Nun möchte ich diese Fotos per Webbrowser zugänglich machen. Ein Skript soll mir stets die Ordnerstruktur der Bilderdatenbank syncron halten mit der Ordnerstruktur des vHosts von Apache. hierfür hätte ich bereits mein Skript soweit fertig. Allerdings hänge ich daran, wie ich per Skript das Konvertieren der Files in kleine JPG Vorschauen umsetzen könnte.

Kennt ihr evtl. irgendwelche Snippets oder gibt es sogar schon ein Programm dafür?

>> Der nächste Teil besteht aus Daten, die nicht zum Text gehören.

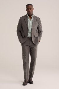 Muž v sivom obleku s mentolovo zelenou košeľou a hnedými mokasínami stojí s rukami v vreckách na jednoliatom pozadí.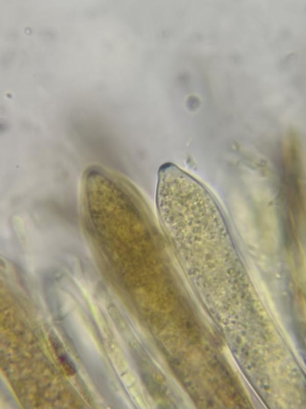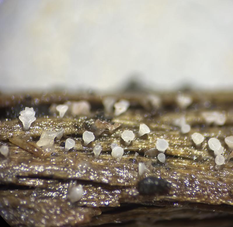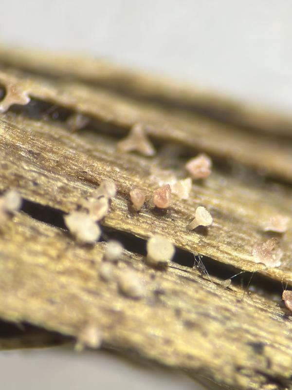 ascomata = around 0.5mm wide, white, become reddish when drying.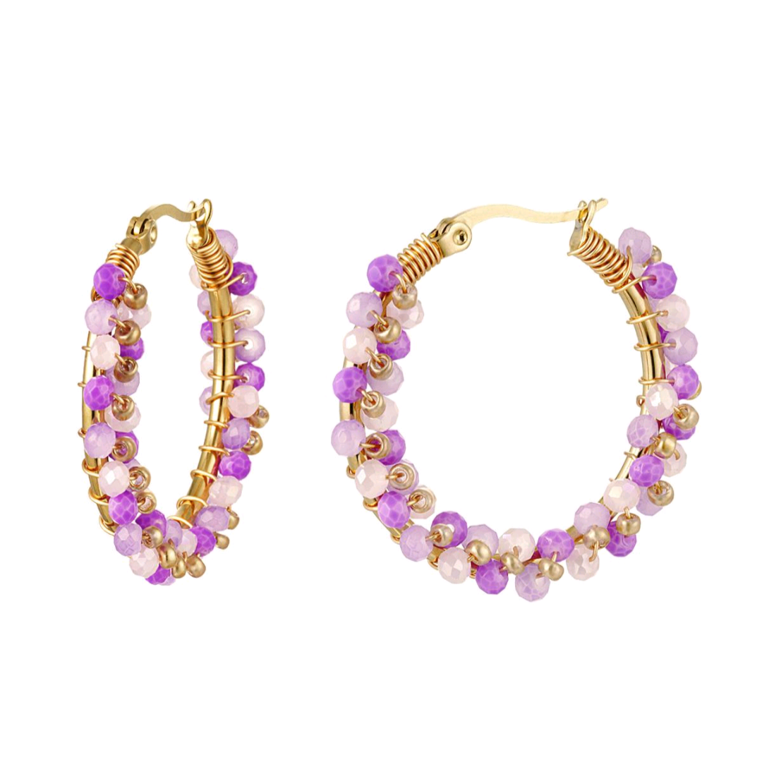Wij zijn helemaal verliefd op deze prachtige oorbellen in de kleur paars! Stijl deze oorbellen met neutrale sieraden voor een casual look. Ben jij meer op zoek naar een statement look? Combineer dan oorbellen kralen party met meerdere gekleurde sieraden! Deze oorbellen zijn gemaakt van stainless steel, glaskralen en kristalkralen en hebben een afmeting van 3,5 cm.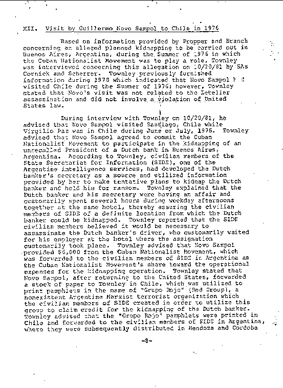 During interview with Townley on 10/20/81, he advised that Novo Sampol visited Santiago, Chile while Virgilio Paz was in Chile during June or July, 1976. Townley advised that Novo Sampol agreed to commit the Cuban Nationalist Movement to participate in the kidnapping of an unrecalled President of a Dutch bank in Buenos Aires, Argentina. According to Townley, civilian members of the State Secretariat for Information (SIDE), one of the Argentine intelligence services, had developed the Dutch banker's secretary as a source and utilized information provided by her to make tentative plans to kidnap the Dutch banker and hold him for ransom. Townley explained that the Dutch banker and his secretary were having an affair and customarily spent several hours during weekday afternoons together at the same hotel, thereby assuring the civilian members of SIDE of a definite location from which the Dutch banker could be kidnapped. Townley reported that the SIDE civilian members believed it would be necessary to assassinate the Dutch banker's driver, who customarily waited for his employer at the hotel where the assignation customarily took place. Townley advised that Novo Sampol provided $6,000 from the Cuban Nationalist Movement, which was forwarded to the civilian members of SIDE in Argentina as the Cuban Nationalist Movement's share toward the operational expenses for the kidnapping operation. Townley stated that Novo Sampol, after returning to the United States, forwarded a stock of paper to Townley in Chile, which was utilized to print pamphlets in the name of "Grupo Rojo" (Red Group), a nonexistent Argentine Marxist terrorist organization which the civilian members of SIDE created in order to utilize this group to claim credit for the kidnapping of the Dutch banker. Townley advised that the "Grupo Rojo" pamphlets were printed in Chile and forwarded to the civilian members of SIDE in Argentina, where they were subsequently distributed in Mendoza and Cordoba                                                     -8-

Mit bestem Dank im Voraus,
jos


----------



## chmee (21. November 2011)

In der Regel sollte ein Vorschaubild im RAW drinstecken. Beim Auslesen könnte Dir vielleicht dcraw weiterhelfen. Wenn schon nicht beim Auslesen, dann beim Batch-Konvertieren 

mfg chmee


----------



## Dr Dau (25. November 2011)

Hallo!



chmee hat gesagt.:


> Wenn schon nicht beim Auslesen, dann beim Batch-Konvertieren


Bevor es an die Batch-Konvertierung geht, sollte man es erstmal mit einem einzelnen Bild versuchen.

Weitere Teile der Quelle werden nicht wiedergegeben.